If it's the latter, that's your answer. The validation was correct, but validation tells you the market wants it — not that you're the right person to build it.
Some options that have worked for me:
Shrink scope ruthlessly. Maybe you don't need to build the whole thing. What's the smallest version that proves the concept?
Find a co-builder. If the idea is solid but you don't want to code it, someone else might.
Sell/license the validation. Your research has value even if you don't ship.
Just stop. Sunk cost is real — but so is opportunity cost.

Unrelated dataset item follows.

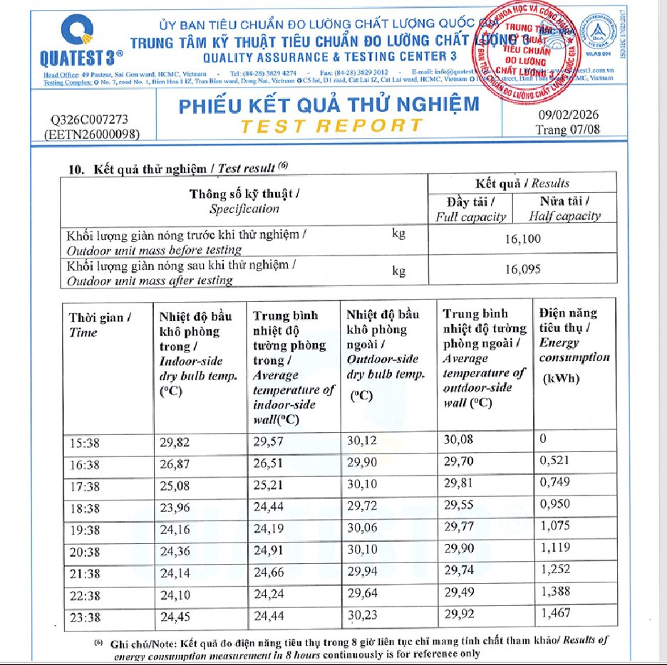 Điều kiện đo kiểm là nhiệt độ môi trường 30 độ C, nhiệt độ cài đặt điều hòa 26 độ C và giả lập trong phòng có 2 người lớn nghỉ ngơi. Ảnh chụp kết quả thử nghiệm.

December to now is already a signal.
What would you build instead if you gave yourself permission to drop this?
Thank you for your reply — that was really great feedback.
I actually need this product for myself too; it’s an affiliate comments assistant Chrome extension for Reddit. I’m genuinely excited about shipping it, but whenever I sit down to start updating it, I end up procrastinating.
Today, though, I managed to break through that a bit: I wrote down all the updates it needs and organized them into clear sections (frontend and backend). Hopefully, that will make it easier to actually get some work done tomorrow.
Thanks again for the insights — they’re incredibly smart and spot-on for this kind of problem.
That's great to hear! Writing it all down and organizing by frontend/backend is exactly the kind of structure that makes the work feel less overwhelming.
Reddit affiliate assistant sounds useful — and the fact that you need it yourself is a strong signal. Building for your own workflow means you'll actually know when it's "good enough" vs over-engineered.
Good luck shipping. Keep us posted on how it goes.
Thank you for your support! I will definitely share the product oncу it's ready.